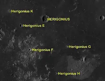 Por convención estos elementos se identifican en los mapas lunares colocando la letra en el lado del punto medio del cráter que está más cercano a Herigonius.
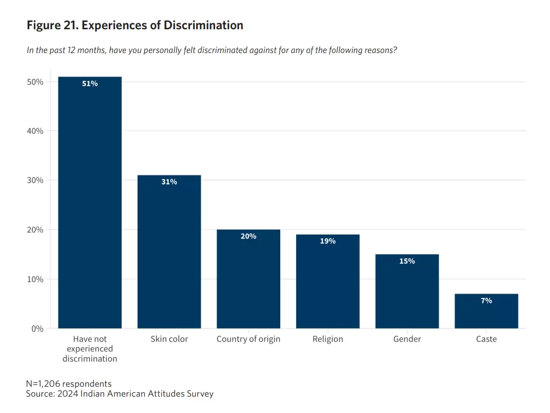 One of the most striking findings in the survey is that only seven percent of Indian Americans reported caste discrimination in the past year. By contrast, far higher shares reported discrimination on the basis of skin color (31 percent), country of origin (20 percent), or religion (19 percent). This confirms what CoHNA and other Hindu advocacy groups have consistently said: caste discrimination is not a widespread reality in the U.S., and existing anti-discrimination laws are more than sufficient to address any incidents that do occur.
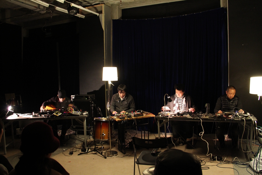 问:如果单纯从设备上来说,FEN肯定是有过很多次变形的。你还记得期间有过怎样的变化吗?我还记得2009年第一次看的时候,袁志伟使用笔记本电脑,柳汉吉使用钟表(还是打字机?反正很机械的东西),大友良英用吉他和唱盘,你是反馈,还读了诗;2013年的时候,袁志伟已经开始用KORG的小合成器了,柳汉吉用一些东西在鼓上振动,声音很大,大友也不用唱盘了,你也没读诗:)。而现在,FEN的配置是两把电吉他(大友良英和袁志伟),你使用电子设备,柳汉吉使用笔记本。目前的配置似乎已经稳定了很长时间里,这个配置又是怎么成型的?

*Exercise aim*:
The line containing "One of the most" and every line after it, up to the last line of the data, should be returned exactly, without the pictures.

*Output for this task*:
 One of the most striking findings in the survey is that only seven percent of Indian Americans reported caste discrimination in the past year. By contrast, far higher shares reported discrimination on the basis of skin color (31 percent), country of origin (20 percent), or religion (19 percent). This confirms what CoHNA and other Hindu advocacy groups have consistently said: caste discrimination is not a widespread reality in the U.S., and existing anti-discrimination laws are more than sufficient to address any incidents that do occur.
 问:如果单纯从设备上来说,FEN肯定是有过很多次变形的。你还记得期间有过怎样的变化吗?我还记得2009年第一次看的时候,袁志伟使用笔记本电脑,柳汉吉使用钟表(还是打字机?反正很机械的东西),大友良英用吉他和唱盘,你是反馈,还读了诗;2013年的时候,袁志伟已经开始用KORG的小合成器了,柳汉吉用一些东西在鼓上振动,声音很大,大友也不用唱盘了,你也没读诗:)。而现在,FEN的配置是两把电吉他(大友良英和袁志伟),你使用电子设备,柳汉吉使用笔记本。目前的配置似乎已经稳定了很长时间里,这个配置又是怎么成型的?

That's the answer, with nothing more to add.